▶ Task objective:
Only the lines from the one containing "by using negative" through the last line of the data below belong in your answer, copied exactly and without pictures.

[[ Information supplied, beginning ]]

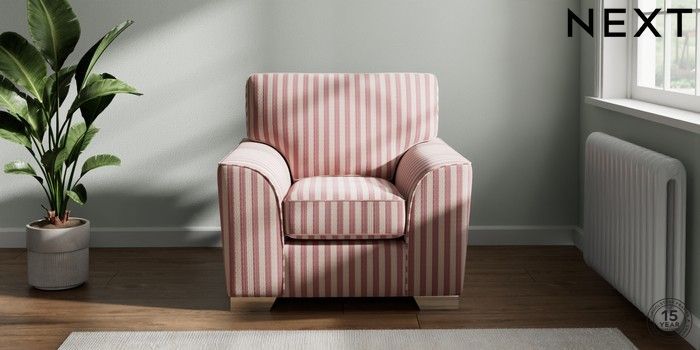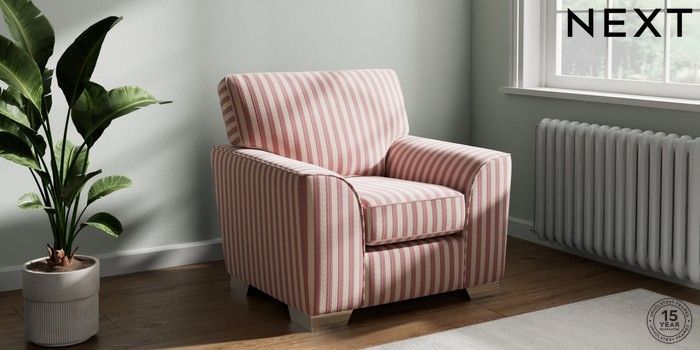 7.3.1 Buy Stamford Armchair Bold Chenille Stripe Dark Pink Square Angle - Chrome Metal from the Next UK online shop Click here to use our accessible website
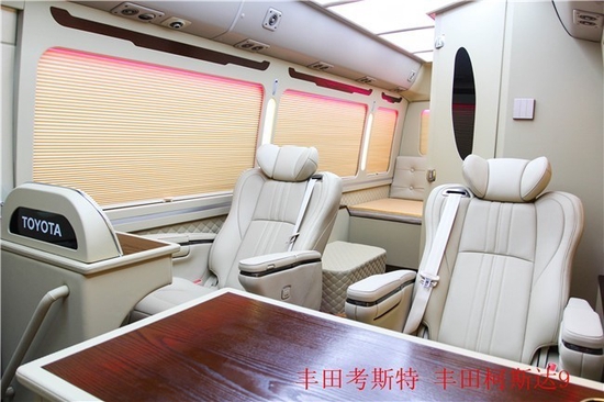 丰田考斯特改装商务车的内饰改装特点远远不止这一点,从地毯到窗帘,从车载冰箱到高级的影音系统,丰田考斯特改装商务车一直都在内饰的设计上以及外观的该哦装上打造出最完美的中巴车。丰田考斯特改装,你所有的想象都能实现,你想象不到它也依然存在。丰田考斯特简单却不平凡的中巴车。
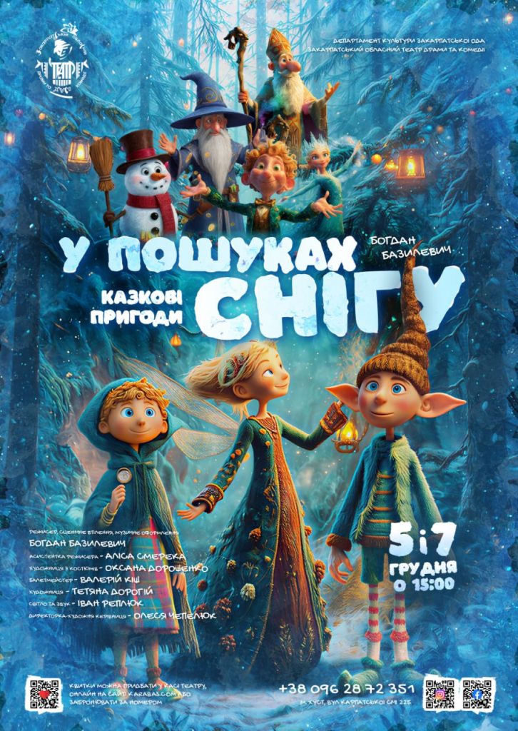 5, 6 і 7 грудня – покази казки «У пошуках снігу» (автор і режисер-постановник – Богдан Базилевич) для дітей пільгових категорій та всіх охочих відвідувачів (час уточнюється).
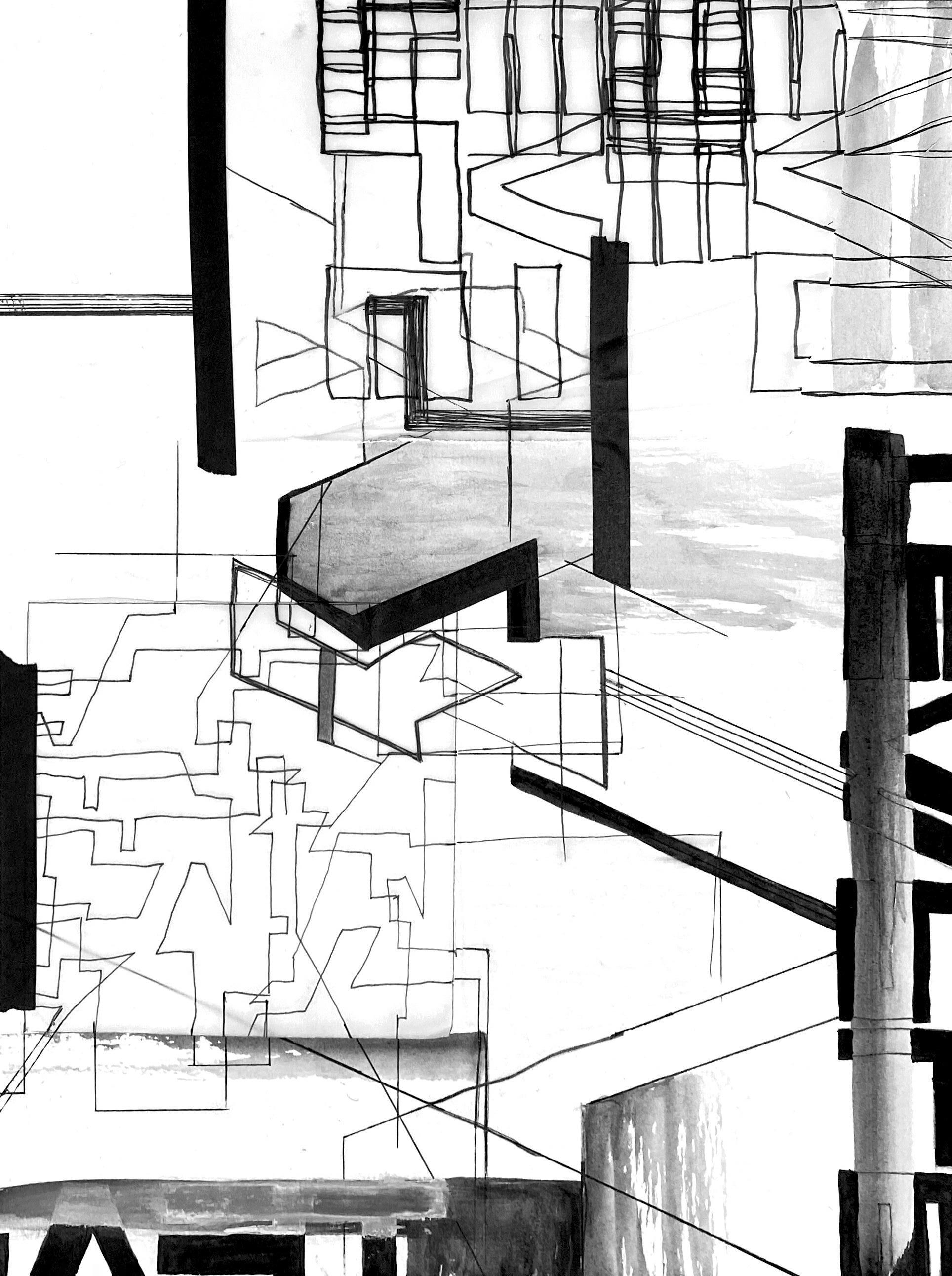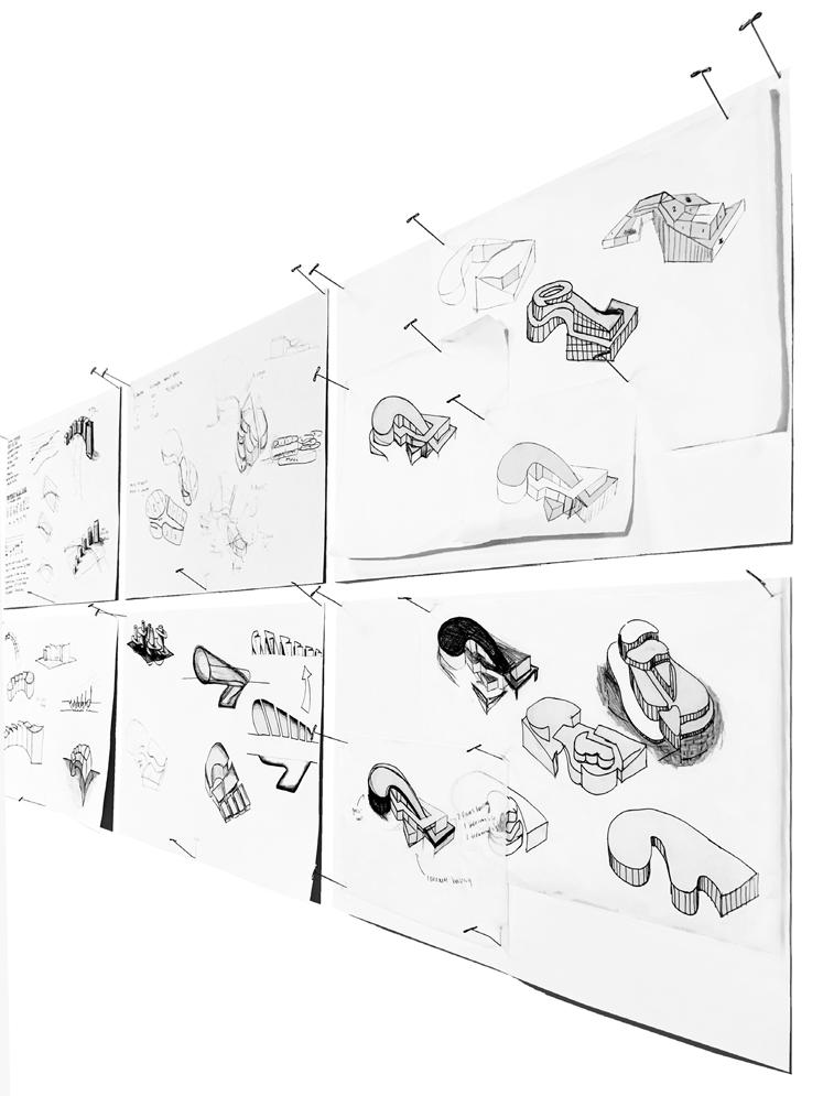by using negative space to create implied pathways, and in drawing inspiration from the letters of various languages’ calligraphy, a structure of sweeping and gestural movements was born. progressive studies in
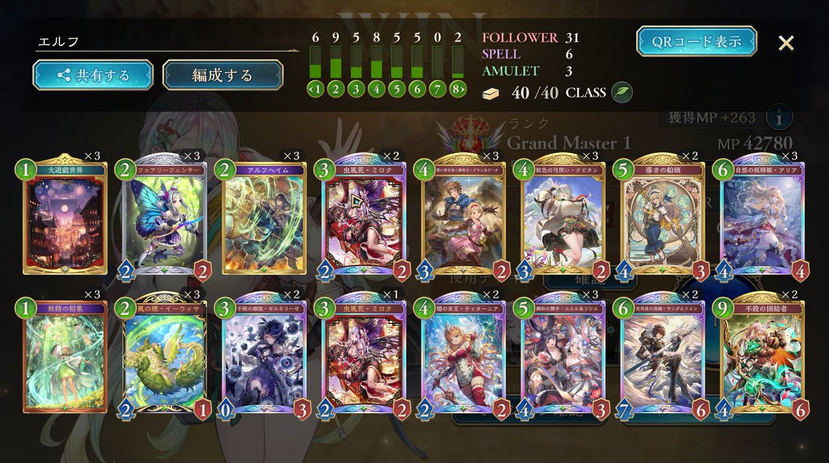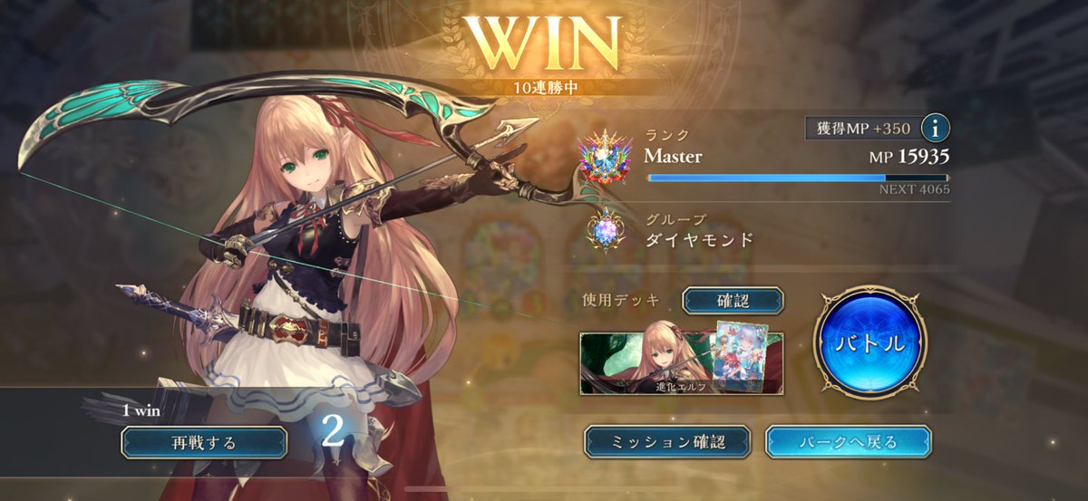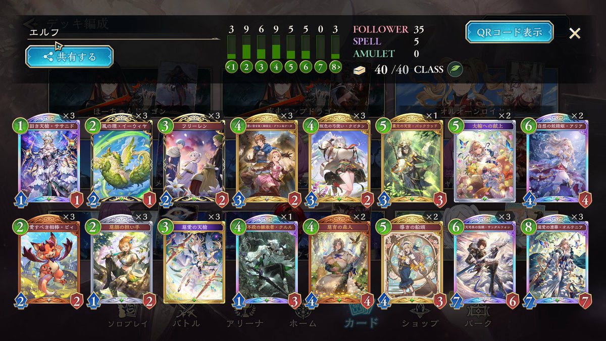 アリア採用の進化エルフで9連勝でEPIC! ササニド引けなかった時のチクチクダメージ兼 ミラーなどの時に妖精疾走のチクチクでサンダルフォン圏内に削ることでサンダルフォン投げ合いを有利に立ち回れます! 船頭はアリアとの相性の良さ+面処理要員として採用! #シャドバWB #デッキ

[[ Information supplied, end ]]

▶ Output:
by using negative space to create implied pathways, and in drawing inspiration from the letters of various languages’ calligraphy, a structure of sweeping and gestural movements was born. progressive studies in
 アリア採用の進化エルフで9連勝でEPIC! ササニド引けなかった時のチクチクダメージ兼 ミラーなどの時に妖精疾走のチクチクでサンダルフォン圏内に削ることでサンダルフォン投げ合いを有利に立ち回れます! 船頭はアリアとの相性の良さ+面処理要員として採用! #シャドバWB #デッキ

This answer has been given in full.